Geochemical, structural, field, and geochronological data have been used to arrive at very different models for the construction of upper crustal batholiths. Models for pulsed intrusion of small magma batches over long timescales (>1Ma) versus transfer of larger magma bodies on shorter timescales predict a different thermal, metamorphic, and rheological state of the crust, highlighting the importance of robust time constraints. This study focuses on a well-characterized upper crustal intrusion, the 15km2 Lago della Vacca complex (LVC), Adamello batholith, N. Italy. Previous studies used structural and petrologic data to argue that the LVC was emplaced through pulsed magma injection and in situ expansion (or, ballooning) of a short lived (∼ 105yr) magma chamber. We test this model using a dense sampling strategy and high-precision ID-TIMS U–Pb geochronology of zircon and titanite combined with hafnium isotope and trace element analyses of the same volume of dated mineral (U–Pb TIMS-TEA).

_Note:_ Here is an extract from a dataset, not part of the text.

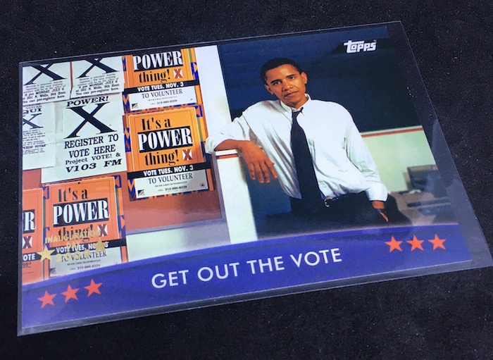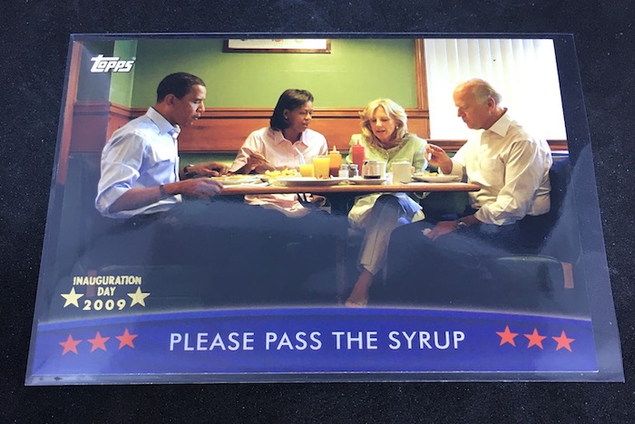 Why it’s Buzz-worthy: There's a ton of political cardboard out there I simply have no need for -- I've been tempted to dabble at times for the hits and odd inclusions but couldn't do it. But, while on a search out there I happened upon these cards that I didn't even realize existed. They are stamped versions of the Topps Obama cards that sold very well after he was first elected. I never really dabbled with the regular set -- I was busy working in other areas and collecting other realms near-exclusively -- so I didn't remember these at all. I grabbed two -- one more of a traditional behind-the-scenes power pose and one that's totally not that. The "please pass the syrup card" is something of an off-brand moment that might make more political sets more appealing if they happened more regularly. (And the cameos there add some interest to that particular card, too.) Prices on unopened boxes of this one over on eBay are a bit surprising these days -- $100 and $140 for hobby/24-pack boxes -- while blasters are still pretty cheap. Meanwhile, asking prices on high-grade cards for Obama in general can be pretty strong. There could be some money to be made grabbing a box and getting some of the more-memorable cards graded.

These data show that the marginal mafic pulses of magma crystallized zircon with primitive Hf isotopes and negligible Eu anomalies during fractional crystallization and ascent through the crust on 10–30ka timescales. Subsequent, more felsic pulses yield individual zircon dates spanning as much as 200ka within single handsamples and restrict the total construction time of the LVC to <300ka. Rim to core solidification of the LVC, as recorded by titanite U–Pb thermochronology, occurred in ≥300ka. U–Pb TIMS-TEA data from these complicated zircon populations limit the sources of antecrystic zircon, constrain AFC processes within host magmas, and illustrate the difficulty in interpreting zircon dates as magma emplacement ages. These data are supportive of growth of the LVC by a pulsed ballooning-type process over ∼300ka, with the restriction that the rims of the LVC had solidified prior to the center-most injection, providing important constraints for thermomechanial models and strain analysis of the LVC and other balloon-like intrusions.